The point of these books (apart from sneaking in a few history lessons) is to place the
protagonists in situations where they must face, and deal with their own problems. No 1950s-era
Ward Cleaver or Jim Anderson to solve Connor and Gary’s problems. They are required to
empower themselves and resolve their various conflicts.

So. Why did I write these books? And why do I plan to write more like them? Because I
believe that even reluctant readers will pick up a book that speaks to their individual concerns
and does so in a manner that is both entertaining and—key idea here—empowering.

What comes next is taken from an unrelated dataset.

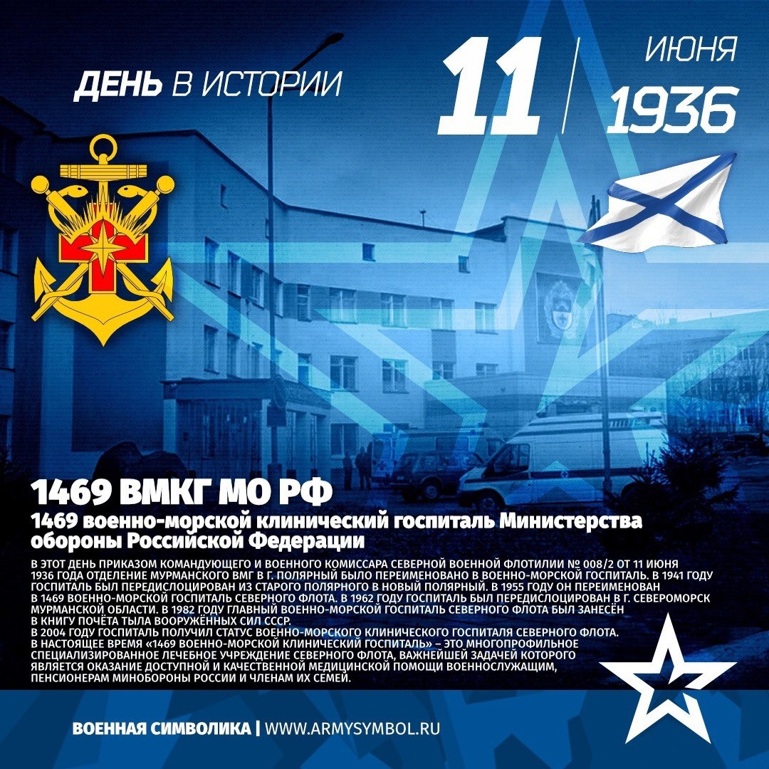 1469 ВМКГ МО РФ с 1936 1469 военно-морской клинический госпиталь Министерства обороны Российской Федерации В этот день отделение Мурманского госпиталя в г. Полярном было переименовано в Военно-морской госпиталь Северного флота. День рождения Военно-морского клинического госпиталя Северного флота (Основание: приказ командующего Северной военной флотилией и военного комиссара Северной флотилии № 008/2 от 11 июня 1936 г., отделение Мурманского госпиталя в главной базе Северного флота г. Полярный было переименовано в ВМГ). Как отдельная воинская часть в системе медико-санитарной службы СФ госпиталь стал существовать лишь с января 1936 г. с 100-коечным штатом. Размещался в приспособленном двухэтажном доме. Состоял из хирургического, терапевтического, неврологического, кожно-венерологического отделений, бокса для инфекционных больных, палат для ЛОР-больных. В штате имелось: 2 санитарных к Показать полностью... Подпишитесь на наши группы ВКонтакте и в Одноклассниках - читайте, смотрите и к
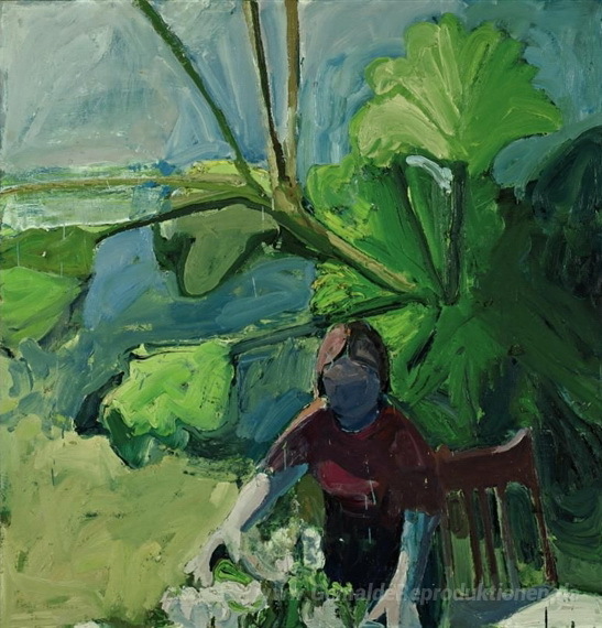 Wir bieten Ihnen eine handgefertigte Reproduktion auf Leinwand des berühmten Kunstwerks 'Frau mit Blumen' von Paul Wonner, aus dem Reproduktionsmuseum.

My students
did not want to read stories by Mark Twain and O Henry, cleverly written as they might be,
because they could not relate to the subject matter. They did want to read about characters their
own age in situations they could picture themselves. And that was what I was trying to give
them. And at the end of the year, all those boys met the state standard for reading.

 

By Greg Stout

 

Greg Stout is the author of Gideon’s Ghost, and Connor’s War, both young adult novels set in small-town America in the mid-1960s, and Lost Little Girl, a detective novel set in Nashville, Tennessee, which received the 2022 Shamus Award for best first PI novel. His latest PI novel, Long Time Gone, was released in December 2024. He is also the author of 23 nonfiction railroad histories. His next release, Goodbye is Forever, is now also available. Greg resides with his wife Carol, and two ornery cats, Wallace and Gromit, in Cape Girardeau, Missouri, where he is a member of the Heartland Writers Guild, the Southeast Missouri Writers Guild and is a member of the board of directors for the Missouri Writers Guild.